At this point it should be clear why I call the 'Reed' route the So Mi route instead - after V puts in the icebreaker, Songbird dies right there, screaming at V for betraying her; with no FIA ties left and no ongoing manipulation, there's no need for Songbird any more. This is why this is the route where we see So Mi's memories, hug her and have truly sincere moments with her, in the mental projection old room. From a thematic point of view, the difference is that in her own route, So Mi eventually manages to kill the persona 'Songbird' on her own terms, whereas here, it is taken away forcibly. Of course, So Mi herself is dying in this route from a wound inflicted by V, but what remains is driven to help V in the end regardless. So Mi ought to be dead here, and her memories are her life flashing before her eyes, adding to the sense of wrongness if you keep her alive for your own cure. This is why, after those screams about betrayal, we see her compassion in trying to save V soon after. In tearing 'Songbird' away from 'So Mi' too quickly, without that human connection with V to guide her, she falls apart completely, leaving only barely enough of herself to save V, and then - beg for death. This route, going through her memories in a facility where, after all, Reed doesn't join you until the very end, is all about exploring who So Mi was.

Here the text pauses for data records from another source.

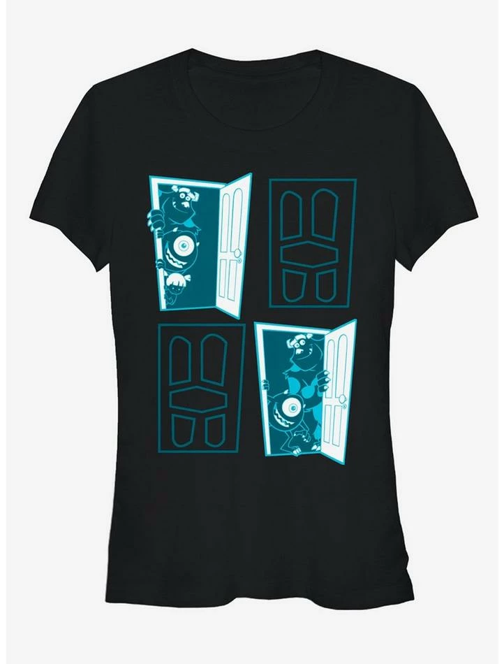 What’s that rattling around behind your closet door? It’s the Monsters Inc. Closet Door Portal Black T-Shirt! Sulley, Mike, and Boo peek out from behind a closet door on this awesome fitted black Monsters Inc. shirt. 100% Cotton.
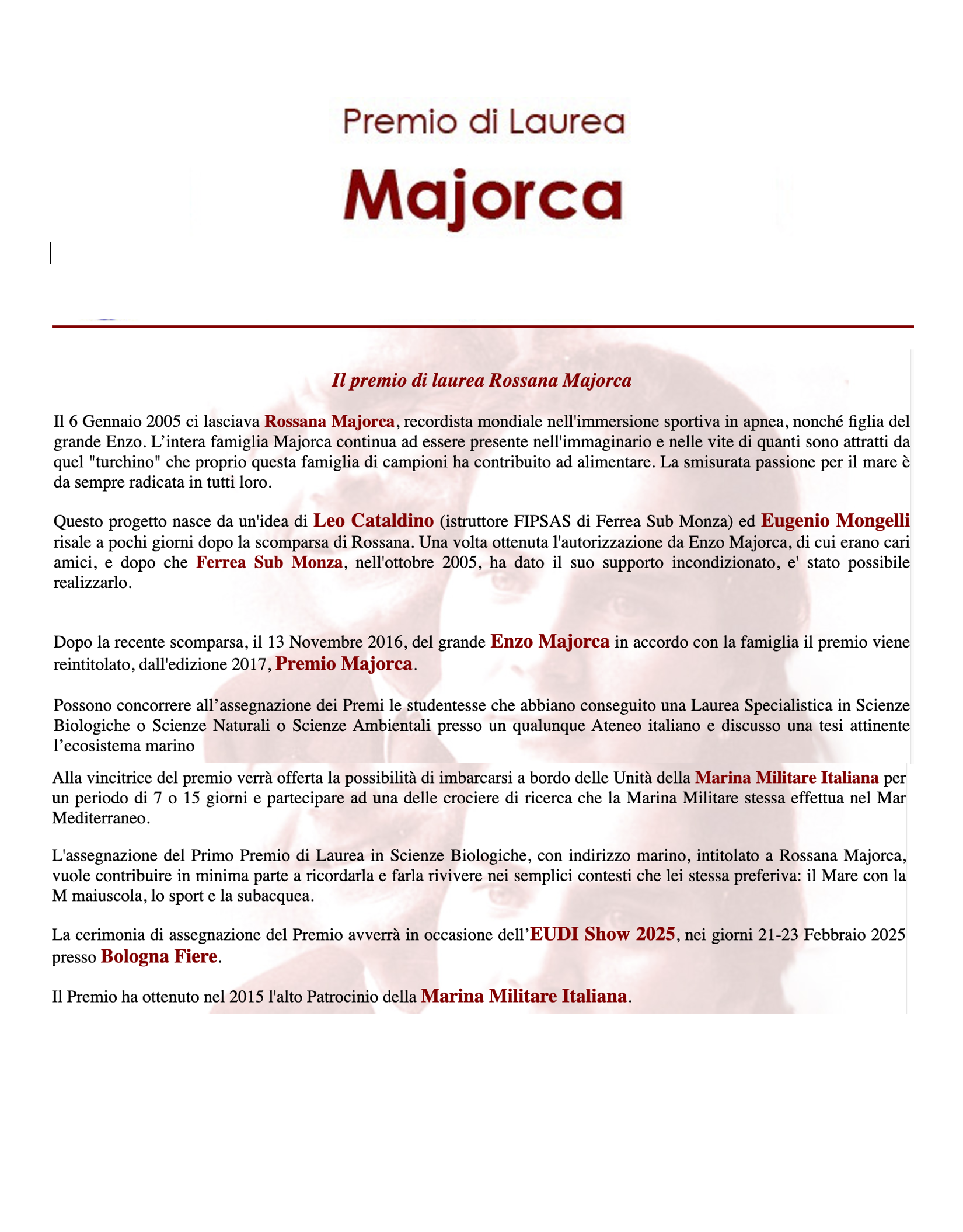 Eudi Show 2025. Torna l’appuntamento con il Premio Maiorca, importante riconoscimento dedicato a giovani laureate che con le loro tesi sul mare si sono contraddistinte meritoriamente.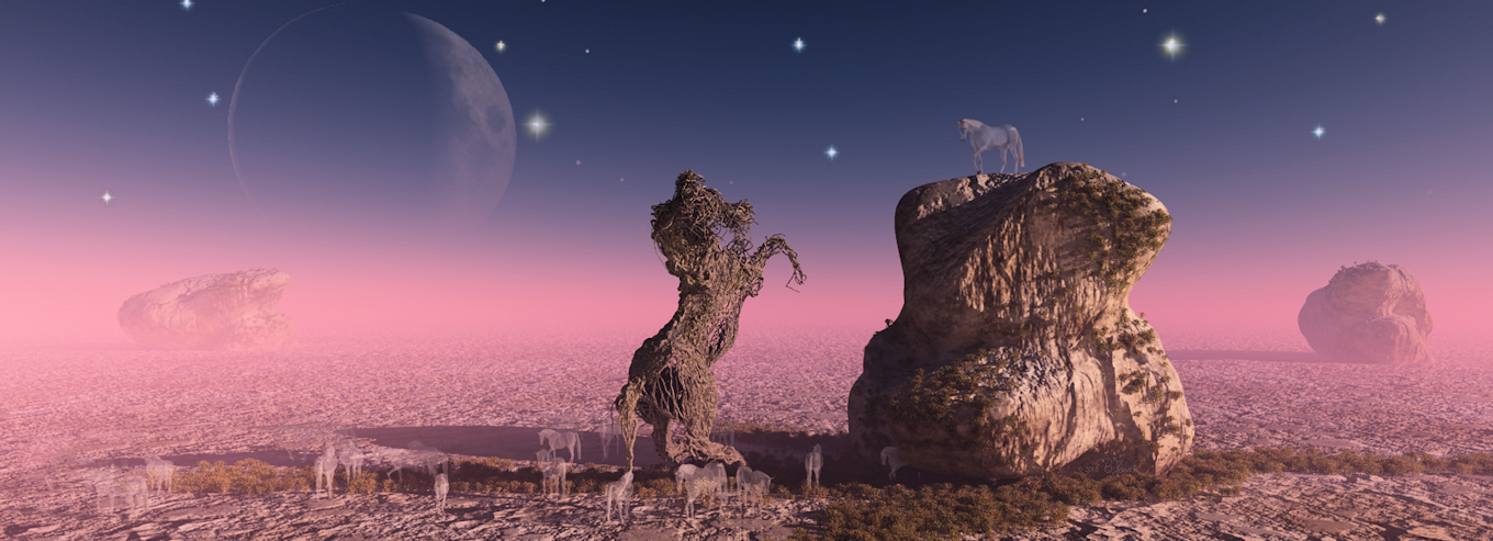 Hab mal wieder was Feines geschenkt bekommen, nämlich diese aus Efeuranken erstellte Pferd von Lutz Lehmann und das musste dann sofort in einem Render verkasematuckt werden ![]()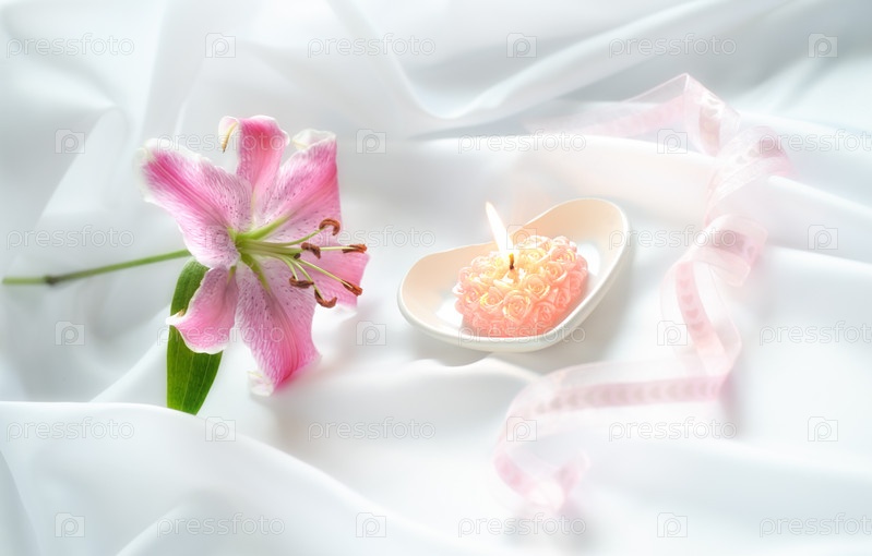 Свеча из розочек в форме сердца и лилия на белой ткани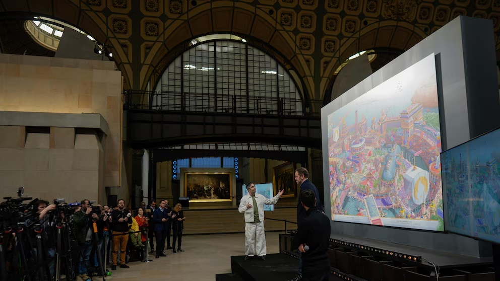 The posters were unveiled on Monday at the Musee d’Orsay — a former railway station transformed into an imposing museum stretching along the Seine River — in the presence of Paris 2024 director of design Joachim Roncin and the artist behind them, Ugo Gattoni.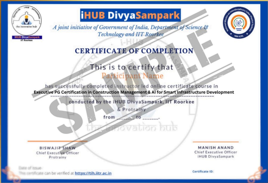 The Executive PG Certification in Construction Management & AI for Smart Infrastructure Development is a comprehensive program designed for working professionals aiming to transition into project leadership roles. It integrates core construction management principles with emerging technologies like AI, IoT, Digital Twin, and Smart Infrastructure to build future-ready project managers..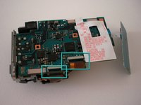 Remove the two screws that are adjacent to the warning label, which is on the underside of the camera.

Personally I won't play through it again because I'm terrified of horror (lol), but it's extremely effective in showing who she was beneath her agent facade.

 

Well, those are my thoughts on Phantom Liberty's star character; Reed deserves just an in-depth an analysis, but I'm all out of words. To be clear, I say that Songbird and So Mi represent two aspects of the character symbolically, it's not about having actual multiple personalities. Like I said, I adore this DLC to death, so I just had to let it out a bit with this rambling analysis. I love the way it expands on the base game's themes by setting this foil to V. Let me know your thoughts.